→ **Work to be completed**:
The result should consist solely of the line containing "4 ALCORQUES Y MOBILIARIO URBANO" and the lines that follow it below, each reproduced exactly, the last line included.

→ **Data provided**:
:::::

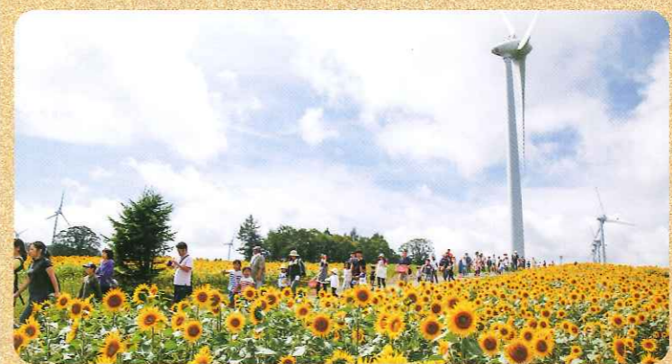
8月下旬頃には、ひまわり畑が一面に広がります。
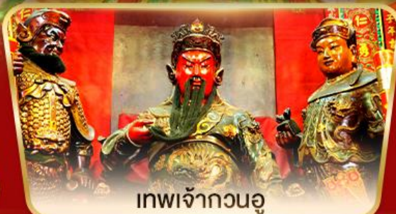
เทพเจ้ากวนอู
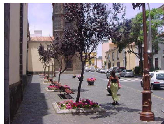
4 ALCORQUES Y MOBILIARIO URBANO

Documento de aprobación definitiva Julio 2005

:::::

→ **Answer to this problem**:
4 ALCORQUES Y MOBILIARIO URBANO

Documento de aprobación definitiva Julio 2005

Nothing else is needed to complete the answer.